It is relatively rare that you find a combination of intelligent lyrics, excellent delivery and phat beats in this here game known as hip hop. Take for example yesterday’s post: Larry-O can kick it, but his visions of a gangster lifestyle are hardly thought-provoking. I don’t mean this to take away from his ability as an MC; he has presence and understands how to deliver a good rhyme, but you wouldn’t exactly put him in the ‘intellectual’ bracket and invite him to a dinner party. Similarly, too much thought-provoking material can feel too try-hard and risks missing out on the party element that could be argued is a core element of the genre. I’m struggling a little to think of examples off the top of my head, but perhaps Saul Williams could be considered ‘too wordy’; his work is interesting and valuable but it ain’t exactly going to rock a crowd.

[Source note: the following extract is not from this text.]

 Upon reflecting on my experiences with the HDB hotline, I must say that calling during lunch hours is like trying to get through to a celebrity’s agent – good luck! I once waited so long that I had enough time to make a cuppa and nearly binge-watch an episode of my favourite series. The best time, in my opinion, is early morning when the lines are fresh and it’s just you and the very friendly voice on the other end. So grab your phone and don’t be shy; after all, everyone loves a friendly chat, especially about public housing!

Today’s post features an artist who has managed to combine these elements in a cohesive package that makes it look all too easy. J-Live has had his fair share of strife in hip hop, with ‘The Best Part’ going through a five year ordeal where it was shelved on two (!) separate occasions. Amazingly, he emerged from this period seemingly unscathed and in my opinion is one of hip hop’s most valuable contemporary contributors. His second album ‘All Of The Above’ is a gleeming demonstration of the fact that you don’t have to talk about guns, drugs and bitches to come off dope.
Handling production, turntable and scratch duties is no mean feat either, and J-Live does the three with style. The beats on this album are exceptionally well produced and range from straight party rockers (‘How Real It Is’) to late night head nodders (‘Nights Like This’). Spinna contributes a couple of tracks as well, although these by no means outshine J-Live’s own work. I’m not saying that the production is flawless; I don’t like ‘Stir Of Echoes’ and there are a couple of other tunes that I generally skip, but for an album released in ’02 that’s not bad going.

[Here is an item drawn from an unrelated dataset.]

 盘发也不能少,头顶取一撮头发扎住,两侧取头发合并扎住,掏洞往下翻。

However, it is J-Live’s skills on the mic that really hold this album together. From flipping the well known call and response catchphrase ‘it’s like this an’ a’ into a prophetic warning of what happens to girls who give it up too easy to delivering three different possible endings to the same story on ‘One For The Griot’, J-Live’s lyrics cover a wide range of topics and all are delivered with finesse and flava. I can’t think of any other MC around at the moment who has the same ability to combine content with flow, let alone whilst producing bangin’ music to provide a backdrop. The debate is open: answers on a postcard folks.